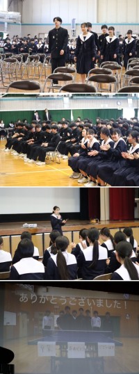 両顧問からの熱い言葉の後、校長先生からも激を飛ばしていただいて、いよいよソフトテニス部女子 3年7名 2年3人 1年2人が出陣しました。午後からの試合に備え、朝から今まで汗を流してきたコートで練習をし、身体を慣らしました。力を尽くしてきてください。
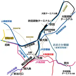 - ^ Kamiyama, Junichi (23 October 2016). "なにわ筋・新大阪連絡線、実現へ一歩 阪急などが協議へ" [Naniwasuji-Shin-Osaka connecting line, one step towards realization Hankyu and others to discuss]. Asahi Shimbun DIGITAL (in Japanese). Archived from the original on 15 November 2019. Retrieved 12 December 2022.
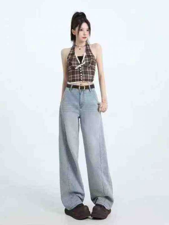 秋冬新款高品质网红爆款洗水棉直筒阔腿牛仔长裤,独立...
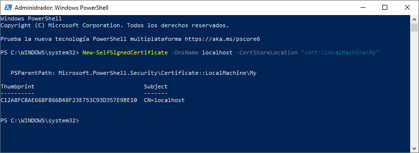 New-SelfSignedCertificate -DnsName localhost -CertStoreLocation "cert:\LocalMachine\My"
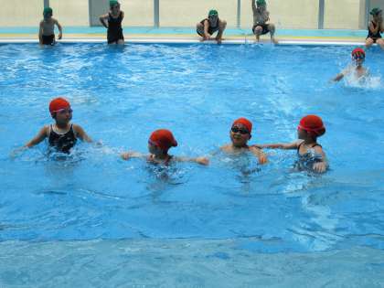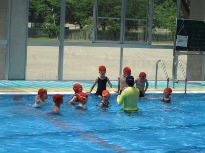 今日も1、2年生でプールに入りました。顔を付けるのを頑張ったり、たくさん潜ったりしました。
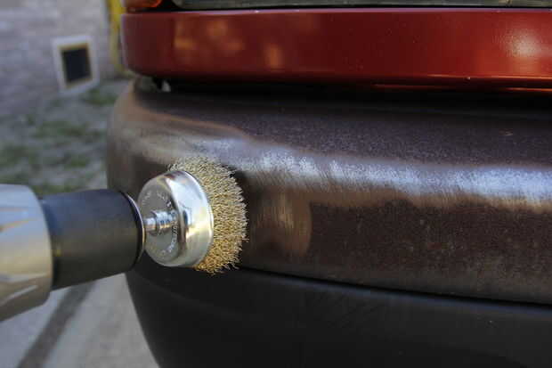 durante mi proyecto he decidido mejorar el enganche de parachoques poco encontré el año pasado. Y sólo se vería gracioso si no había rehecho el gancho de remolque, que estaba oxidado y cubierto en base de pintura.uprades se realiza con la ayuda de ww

:::

**Exercise goal:**
Once you reach the line containing "秋冬新款高品质网红爆款洗水棉直筒阔腿牛仔长裤,独立...", print it and every line after it exactly, through the end of the entries, without any pictures.

**Result below:**
 秋冬新款高品质网红爆款洗水棉直筒阔腿牛仔长裤,独立...
 New-SelfSignedCertificate -DnsName localhost -CertStoreLocation "cert:\LocalMachine\My"
 今日も1、2年生でプールに入りました。顔を付けるのを頑張ったり、たくさん潜ったりしました。
 durante mi proyecto he decidido mejorar el enganche de parachoques poco encontré el año pasado. Y sólo se vería gracioso si no había rehecho el gancho de remolque, que estaba oxidado y cubierto en base de pintura.uprades se realiza con la ayuda de ww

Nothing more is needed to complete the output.